Foto: IMAGO / Stefan Zeitz

In der Corona-Pandemie ist unsere Aufmerksamkeit auf Beschäftigte, Tätigkeitsfelder und Berufsgruppen gelenkt worden, ohne die unsere Ökonomie und Gesellschaft nicht funktionieren würde. Galten in der Finanzmarktkrise vor allem noch Banken als systemrelevant, so hat die Pandemie gezeigt, auf welche Jobs und Tätigkeiten es wirklich ankommt, um die Wirtschaft, die Logistik, die Daseinsfürsorge und das öffentliche Leben am Laufen zu halten und einen Beitrag zum Gemeinwohl zu erbringen. Viele dieser als systemrelevant bezeichneten Berufe und Tätigkeiten sind aber leider auch durch niedriges Einkommen, schwierige Arbeitsbedingungen mit körperlichen Belastungen und ungünstige Arbeitszeiten gekennzeichnet.

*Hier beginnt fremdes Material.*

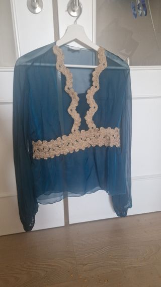 Blusa azul de encaje
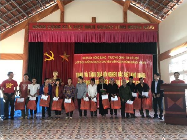 Bên cạnh chương tình tìm hiểu thực tế, tập thể lớp Bồi dưỡng ngạch chuyên viên, quận Hồng Bàng, khóa I đã thực hiện các chương trình thiện nguyện, nhằm chia sẻ với những khó khăn của các hộ nghèo và học sinh nơi đây. Đoàn đã thăm và tặng quà 20 hộ nghèo có hoàn cảnh đặc biệt khó khăn, các em học sinh tại điểm Trường Nà Bó. Đối với hộ nghèo mỗi suất quà bao gồm 500.000 đồng tiền mặt, 01 túi quà và 02 bộ áo mưa. Tặng cô và trò tại điểm Trường Nà Bó 500 quyển vở học sinh, 150 bộ dụng cụ học tập và 60 bộ áo mưa.

Das Deutsche Institut für Wirtschaftsforschung (DIW), Berlin, hat eine Untersuchung von systemrelevanten und unverzichtbaren Berufen in der Corona-Pandemie vorgelegt. Diese Untersuchung bezieht sich auf eine entsprechende Liste von systemrelevanten Berufen, die zuerst von der Berliner Senatsverwaltung zu Beginn der Pandemie in 2020 und in vergleichbarer Form auf Länderebene in verschiedenen Bundesländern entwickelt wurde. Untersucht wurden das gesellschaftliche Ansehen und die Bezahlung systemrelevanter Berufe im Vergleich zur allen Berufen.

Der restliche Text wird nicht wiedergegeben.